/ Modified aug 14, 2020 4:51 p.m.

Cold case office for missing and murdered Indigenous peoples opens in Phoenix

The office is one of seven connected to a national MMIP task force called Operation Lady Justice.

MMIW women's march Demonstrators at the 2019 Tucson Women's March carry signs reading "MMIW" ("missing and murdered Indigenous women") and "no more stolen sisters."
Nick O'Gara/AZPM

Gila River Indian Community Police Department is now home to one of seven new national cold case offices investigating missing and murdering Indigenous peoples.

The office, which will be staffed by two Bureau of Indian Affairs Office of Justice Services agents opened Thursday, and it's the first to be "tribally housed," according to a BIA press release. The new office in the Phoenix metro area is connected to Operation Lady Justice, a national task force set up by President Donald Trump in November 2019 via an executive order to improve investigations of missing and murdered Indigenous peoples.

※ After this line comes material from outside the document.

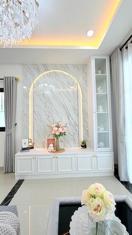 - โซนรับแขก: บิ้วอินชั้นวางทีวี และโซฟานุ่มชุดใหญ่
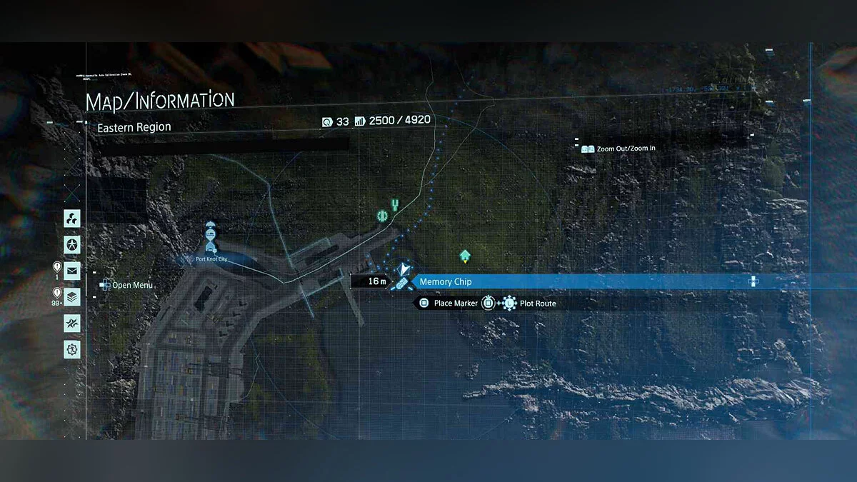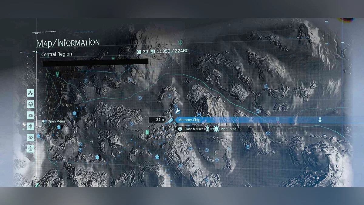 К юго-востоку от Горного узла (Mountain Knot City) находятся руины с высокими черными башнями. Карта памяти будет в руинах.

“The Gila River Indian Community is pleased to house the new cold case office for the western region,” said Gila River Indian Community Governor Stephen R. Lewis in the press release. “This is a positive first step in reinforcing the trust relationship between the federal government and tribal nations and addressing this longstanding issue in Indian Country.”

Operation Lady Justice is trying to collect data across different jurisdictions — including tribal, state and federal — while establishing more efficient ways to investigate missing or murder cases concerning Indigenous peoples.

The Centers for Disease Control and Prevention reported that murder is the third-highest cause of death among Indigenous women. Arizona has the third-highest number of missing or murdered women and girls in urban areas in the U.S., according to a report by the Urban Indian Health Institute.

Arizona established a similar task force to the one at the national level in 2019 in the hopes of answering why so many people were being killed or going missing.

Other cold case offices have been established in Bloomington, Minnesota; Rapid City, South Dakota; Billings, Montana; and Albuquerque, New Mexico. There will soon be offices in Anchorage, Alaska, and Nashville, Tennessee.